Traditionally, simple suction drains have been used in order to avoid the development of post-operative haematomas and the collected blood is subsequently discarded. Recently, new-generation drains have been used which allow the reinfusion of collected blood in order to reduce the need of allogeneic blood transfusions and their potential associated adverse reactions. Our study aimed to evaluate the efficacy of the CellTrans^™ drain in elective primary total knee arthroplasty.

Material and Methods

This was a prospective study which included 70 non-randomised patients undergoing elective primary total knee arthroplasty between February 2007 and August 2007. There were 46 females and 34 males (male-to-female ratio 1:1.35). Patients with bleeding disorders and those undergoing revision surgery were excluded from the study.

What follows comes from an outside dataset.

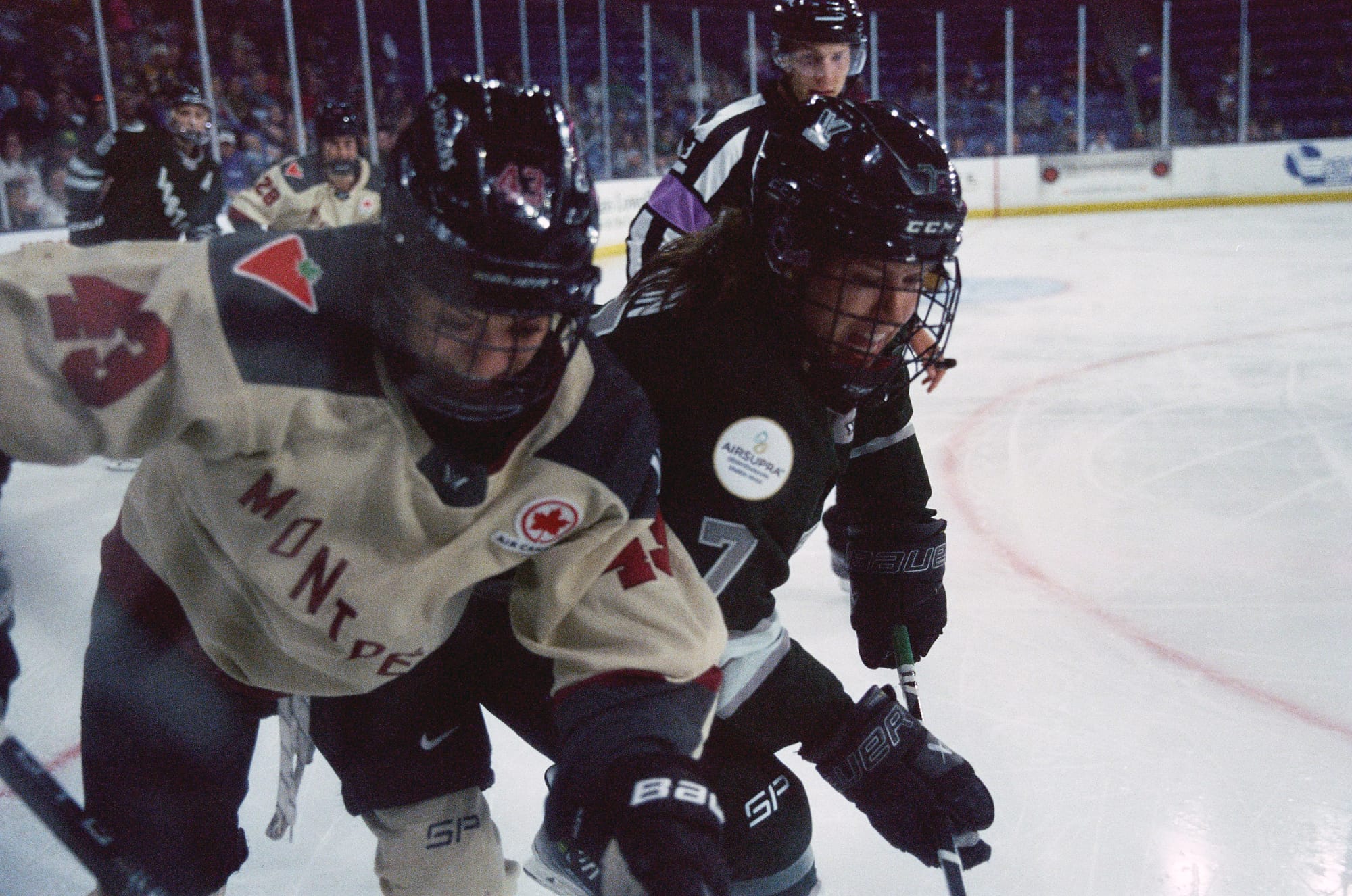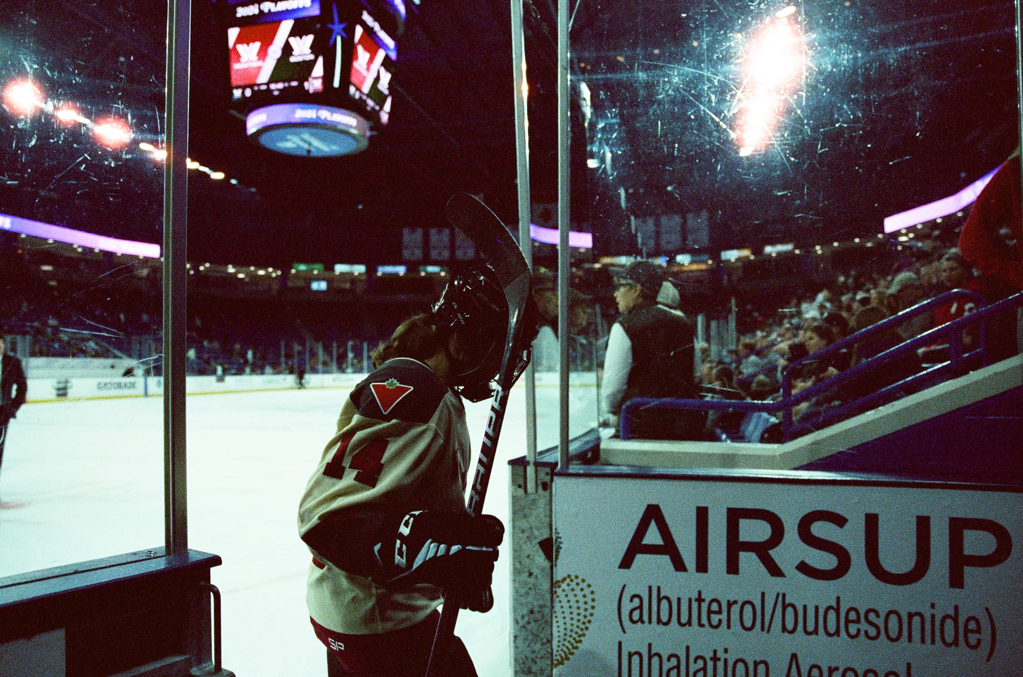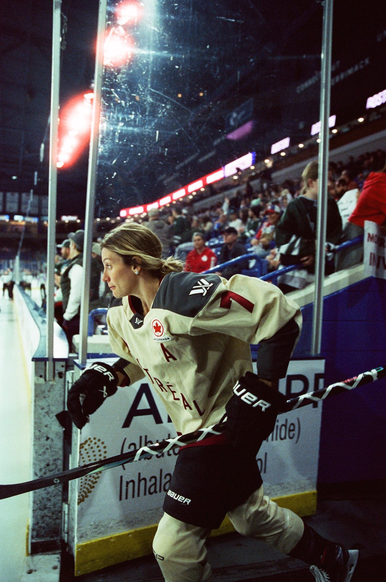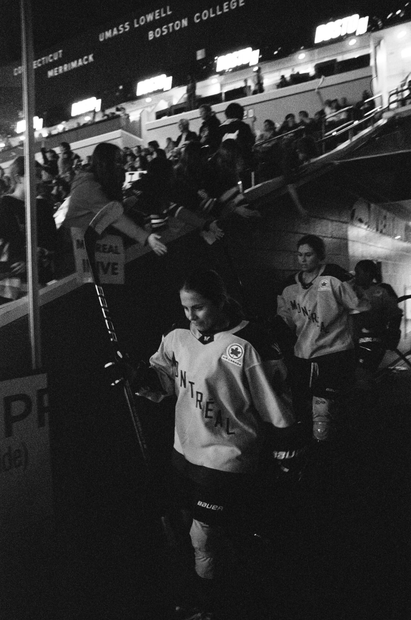 I admittedly wasn't as successful this time as I was the last time I shot a game on film back in February. This time I was at ice level and contending with shooting through the glass as opposed to over it. I had some metering issues plus the extra distortion/lack of sharpness from the thick glass. But it is also the corner where PWHL Montréal takes the ice, and that made for off-ice moments I haven't gotten this season.

Patients were divided into two groups according to the type of drain used. In group A (n=35), a simple suction drain was used and the blood collected was discarded. In group B (n=35), the CellTrans^™ autologous infusion drain was used and blood collected for up to 6 hours after surgery was re-infused back into the patients. All operations were performed by the same four senior consultants using a tourniquet with a medial parapatellar approach. The tourniquet was released after closure of the wound and a pressure dressing was applied in all patients. Pre-operative and post-operative haemoglobin concentrations were recorded for all the patients. The post-operative measurement of haemoglobin concentration was done on the first day after the surgical intervention. The amount of drainage was recorded and documented for all patients in both groups. In group A, the drain was removed 24–48 hours after surgery. In group B, blood collected within 6 hours of surgery was re-infused back into the patients. The CellTrans^™ drain was provided with two transfusion bags (600 mL) connected to the drain enabling the collection of up to 1,200 mL of blood. Once both transfusion bags had been used, the device functioned as a conventional low vacuum wound drainage system and was removed after 24–48 hours. Patients received a blood transfusion if the post-operative haemoglobin concentration was less than 8 g/dL, according to the standard hospital transfusion policy.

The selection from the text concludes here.